**Dataset records:**
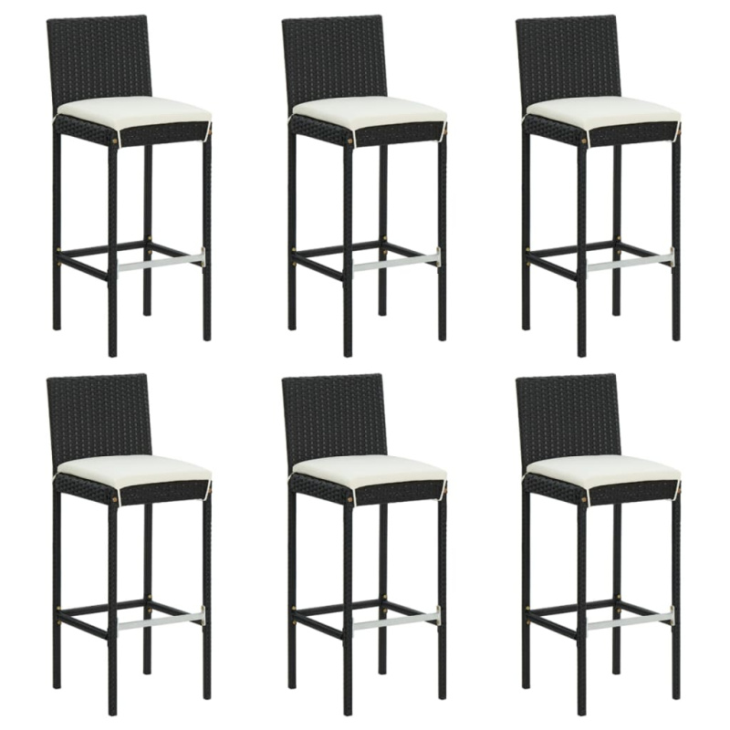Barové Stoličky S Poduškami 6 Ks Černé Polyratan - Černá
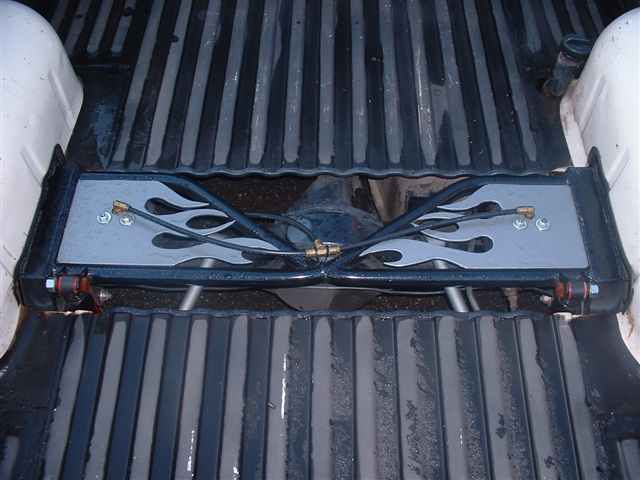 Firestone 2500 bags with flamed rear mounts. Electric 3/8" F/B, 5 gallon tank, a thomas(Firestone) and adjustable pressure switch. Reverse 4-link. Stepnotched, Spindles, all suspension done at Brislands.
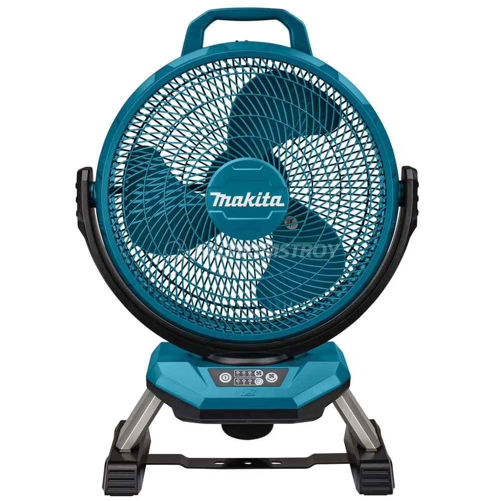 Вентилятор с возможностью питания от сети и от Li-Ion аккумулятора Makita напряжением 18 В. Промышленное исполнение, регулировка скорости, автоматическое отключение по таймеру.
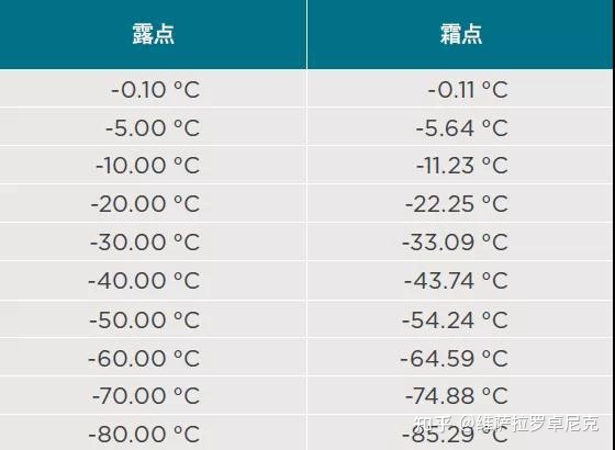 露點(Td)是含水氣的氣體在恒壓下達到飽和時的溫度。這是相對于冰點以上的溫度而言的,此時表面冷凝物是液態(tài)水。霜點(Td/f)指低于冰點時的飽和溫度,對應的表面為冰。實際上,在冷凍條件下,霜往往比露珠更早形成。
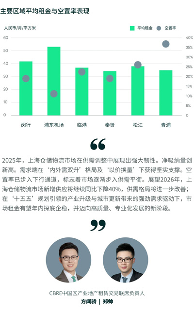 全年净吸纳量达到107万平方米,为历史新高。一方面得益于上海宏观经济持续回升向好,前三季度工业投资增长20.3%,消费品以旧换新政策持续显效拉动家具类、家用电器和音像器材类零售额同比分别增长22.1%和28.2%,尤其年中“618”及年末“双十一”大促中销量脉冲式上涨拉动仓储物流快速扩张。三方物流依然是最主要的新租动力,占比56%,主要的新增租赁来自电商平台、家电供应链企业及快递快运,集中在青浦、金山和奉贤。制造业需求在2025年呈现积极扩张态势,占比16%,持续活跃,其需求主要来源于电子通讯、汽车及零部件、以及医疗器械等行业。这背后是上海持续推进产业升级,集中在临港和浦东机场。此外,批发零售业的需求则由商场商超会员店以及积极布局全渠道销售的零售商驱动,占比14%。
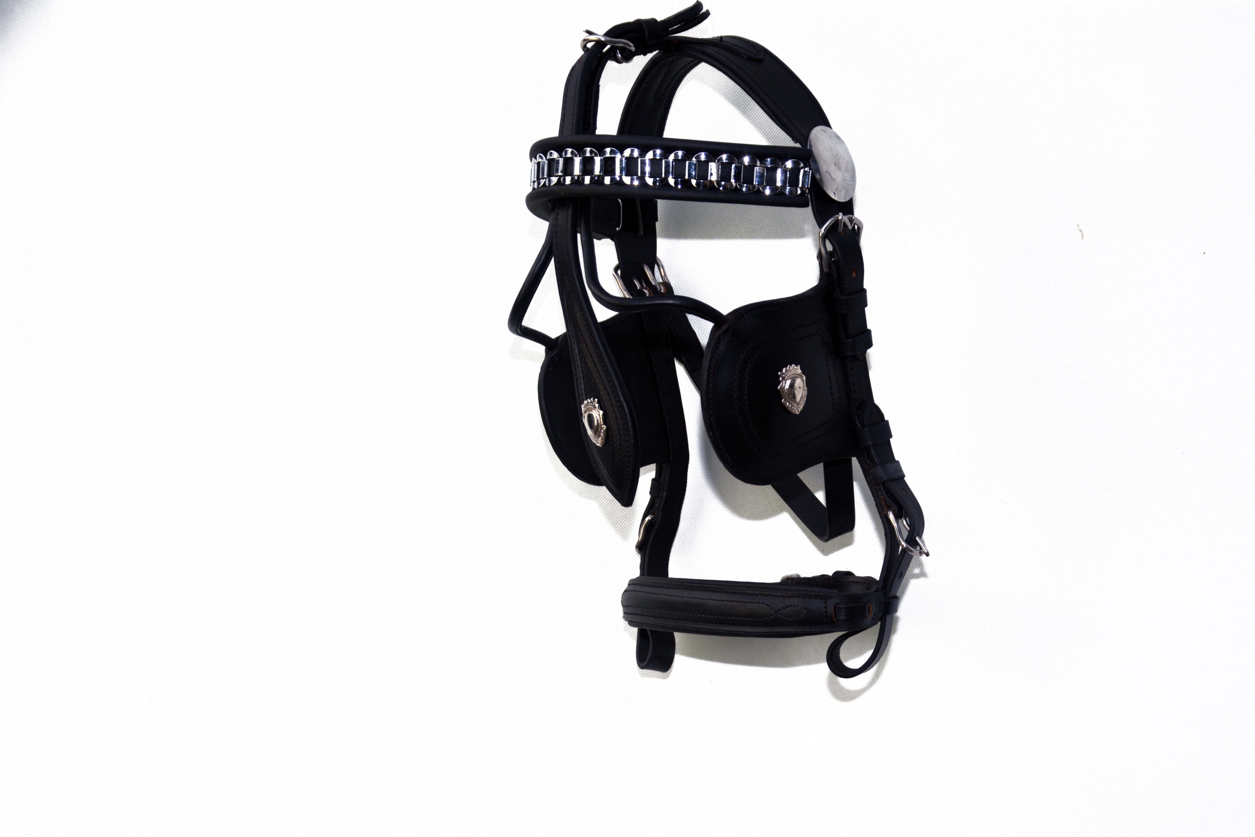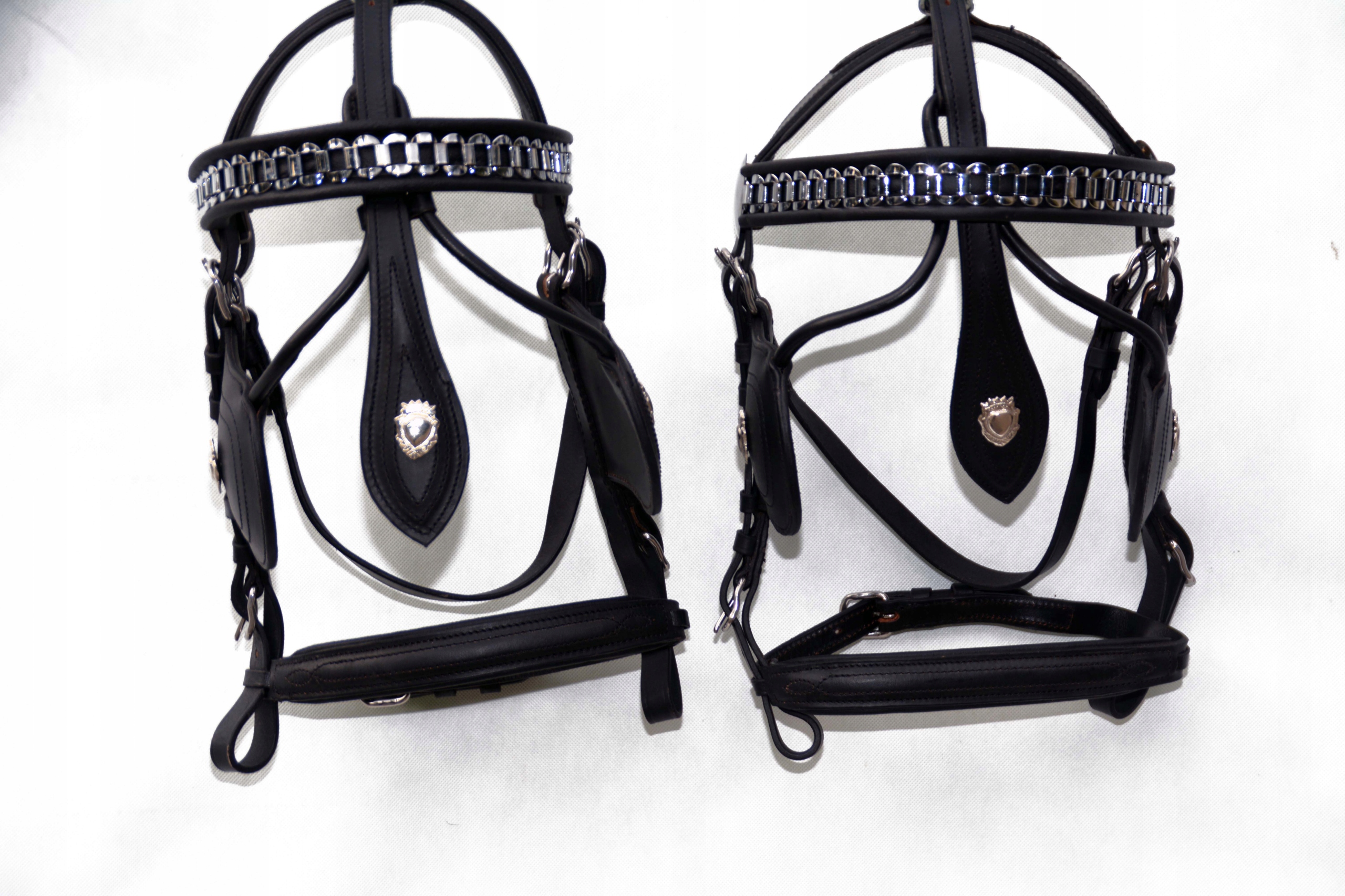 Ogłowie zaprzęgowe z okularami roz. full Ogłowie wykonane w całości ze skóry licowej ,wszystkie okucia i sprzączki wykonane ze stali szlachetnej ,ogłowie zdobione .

...

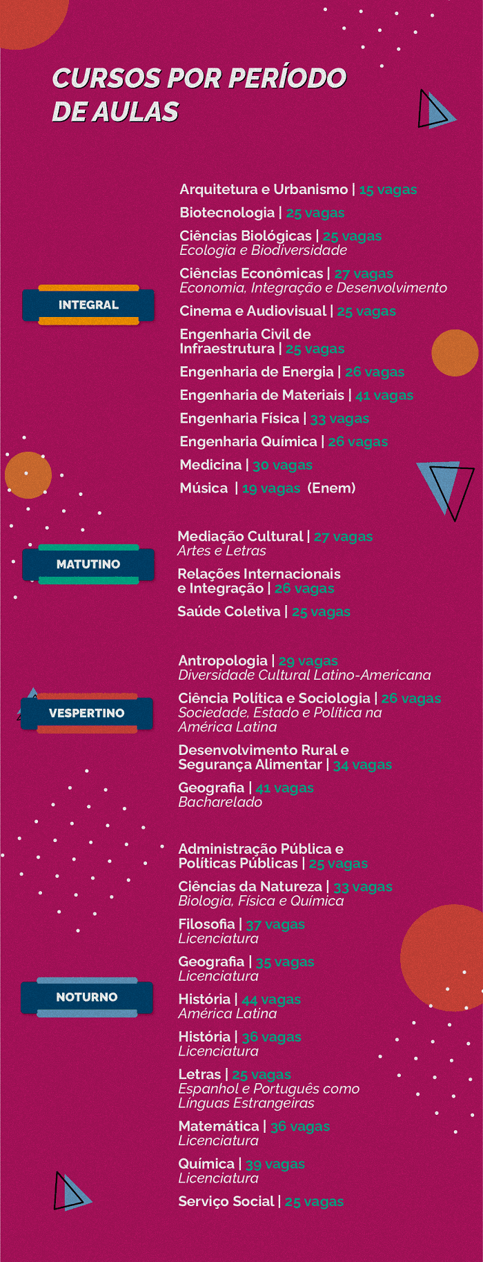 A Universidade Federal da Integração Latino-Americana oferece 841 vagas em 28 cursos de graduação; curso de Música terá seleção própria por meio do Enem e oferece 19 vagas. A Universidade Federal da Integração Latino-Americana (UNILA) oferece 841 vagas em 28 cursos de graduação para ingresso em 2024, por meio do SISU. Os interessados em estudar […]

---

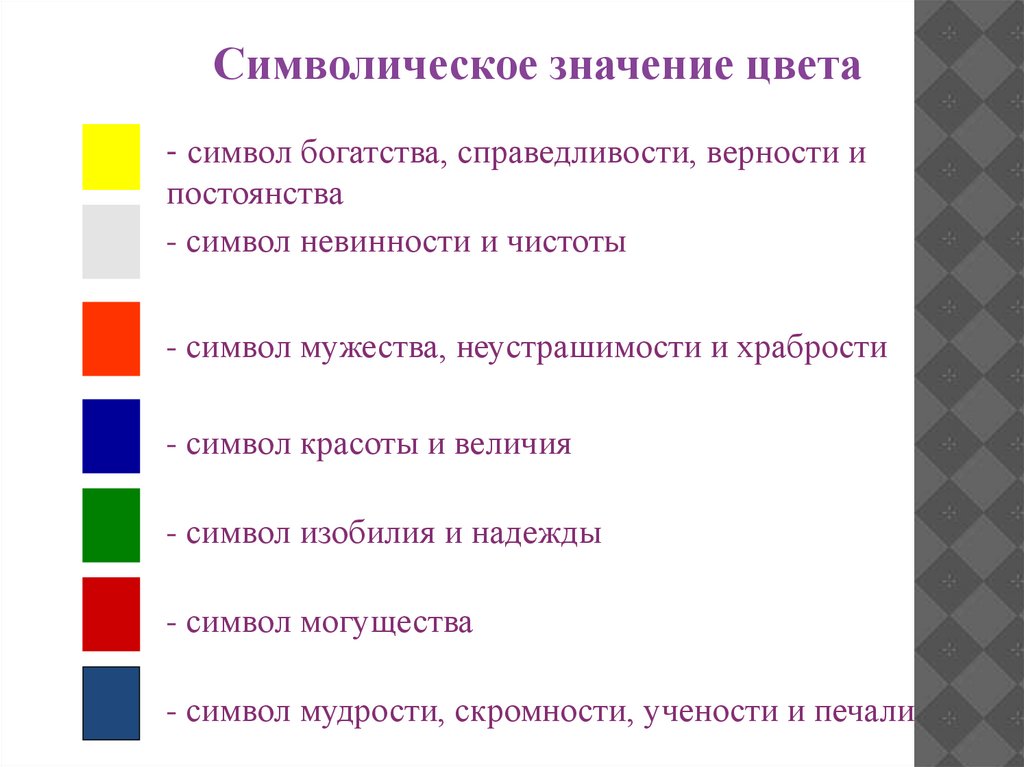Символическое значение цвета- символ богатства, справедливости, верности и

**Problem:** Although pictures appear among the records above, write out exactly only the lines from the one that has "全年净吸纳量达到107万平方" through the one that has "Ogłowie zaprzęgowe z", and leave the pictures out.

**Task response:**
 全年净吸纳量达到107万平方米,为历史新高。一方面得益于上海宏观经济持续回升向好,前三季度工业投资增长20.3%,消费品以旧换新政策持续显效拉动家具类、家用电器和音像器材类零售额同比分别增长22.1%和28.2%,尤其年中“618”及年末“双十一”大促中销量脉冲式上涨拉动仓储物流快速扩张。三方物流依然是最主要的新租动力,占比56%,主要的新增租赁来自电商平台、家电供应链企业及快递快运,集中在青浦、金山和奉贤。制造业需求在2025年呈现积极扩张态势,占比16%,持续活跃,其需求主要来源于电子通讯、汽车及零部件、以及医疗器械等行业。这背后是上海持续推进产业升级,集中在临港和浦东机场。此外,批发零售业的需求则由商场商超会员店以及积极布局全渠道销售的零售商驱动,占比14%。
 Ogłowie zaprzęgowe z okularami roz. full Ogłowie wykonane w całości ze skóry licowej ,wszystkie okucia i sprzączki wykonane ze stali szlachetnej ,ogłowie zdobione .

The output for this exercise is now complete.